But when it comes to homeschooling…what if you don’t have internet access? or good internet access?
Is it even possible to homeschool without an internet connection?
Yes, you can homeschool without the internet!
Remember, up until 25 years ago, not only did most people not have reliable internet access (can you say dial-up?!), they didn’t have ANY internet access. So relax, for the vast majority of human history people managed to learn and do it successfully without turning to the internet for every piece of information.
Now, that being said, and when you consider our play is crucial / unschooly point of view, it shouldn’t be surprising that we think a low-tech or no-tech early childhood is a great option, perhaps even the BEST option!
No tech, real-world engagement for the win
In fact, a screen-free education for young kids is a good thing to aim for. If you’re at a restaurant, don’t hand them a phone, talk to your kids about what’s going on around them or pull out one of the travel games all homeschool moms seem to have in their purses. (We’re not sure if that’s a homeschool mom rule, but it might be! LOL!)
Kids easily pick up on computers, but being fascinated by the real world around them is hugely beneficial to young children.
So seriously — a library card (or an at-home library), a kitchen, a yard, a local park, and the occasional shopping expedition are all you need for a robust homeschool experience.
When our kids were little, a huge portion of their educational experience involved reading aloud to them. Social studies, science, and reading can all be learned from the pages of a library book! Join the legions of homeschooler parents who head to the library with a laundry basket.

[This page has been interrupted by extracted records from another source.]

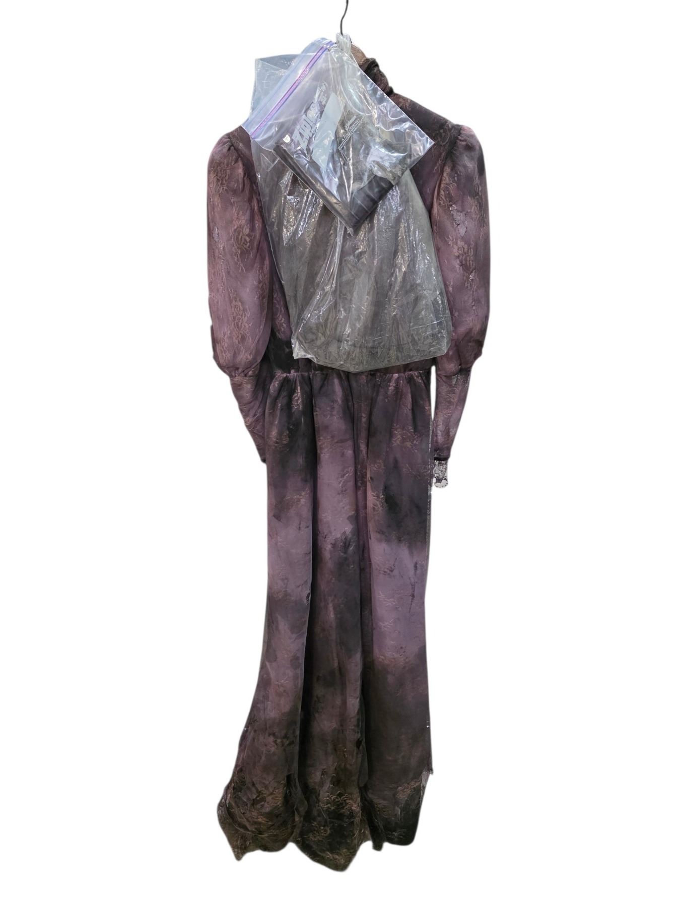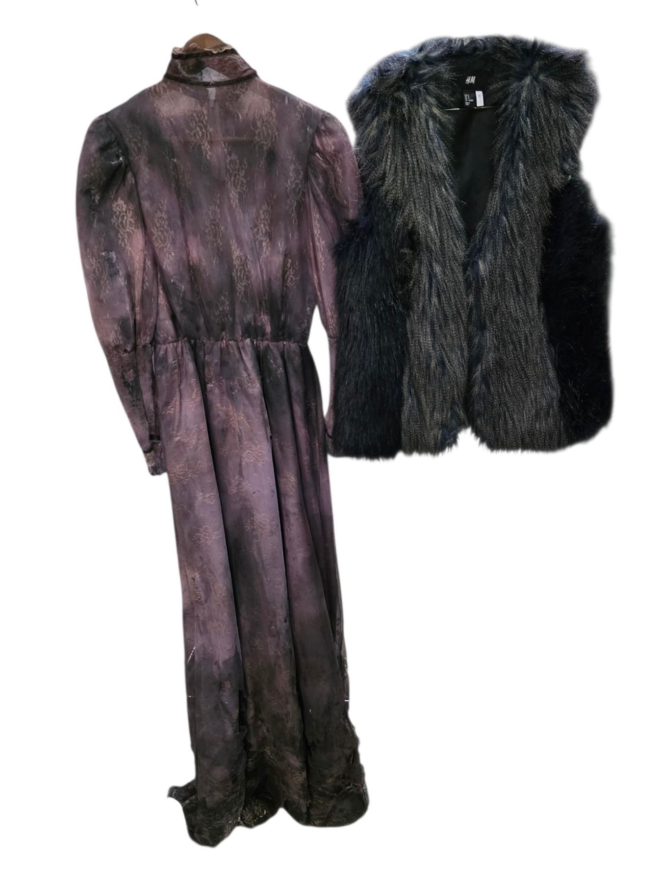 Vintage Sheer Lace Maxi Dress with Long Sleeves & Black Faux Fur Vest - Film/TV Wardrobe
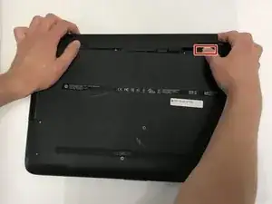 Положите ноутбук задней панелью вверх, а отсек аккумулятора — от себя.
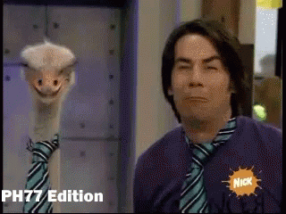 Spencer Shay from iCarly reacts with a shocked expression next to a puppet ostrich wearing a tie.
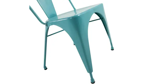 Silla en acero acabado con pintura electroéstatica. Apilable. Con revestimiento para uso de interior y exterior

Turn them outside to explore what’s happening in or back yard. When they’re hungry and ready to come back inside, cook with them in the kitchen. While you’re at it, singing and dancing in the kitchen always makes for a good time.
Encourage them to play with their toys rather than veg out in front of the television.
Sometimes it seemed that all we did was talk, because when our kids were small, we narrated everything!
A trip to the grocery store could take all morning because we’d be talking about everything we saw. In the produce section we’d compare the differences between various kinds of apples, hunt for things that were green, or smell all the different citrus fruits. Then we’d head to the canned goods and start all over again. Once you’re back home in the kitchen, explain what you’re cooking, what your utensils are, how they work.
Need to do the laundry? Explain everything you’re doing to your kids. Count clothes, sort clothes, fold clothes — one towel, two towels, red towels, blue towels. It’s like a real-life One Fish Two Fish Red Fish Blue Fish!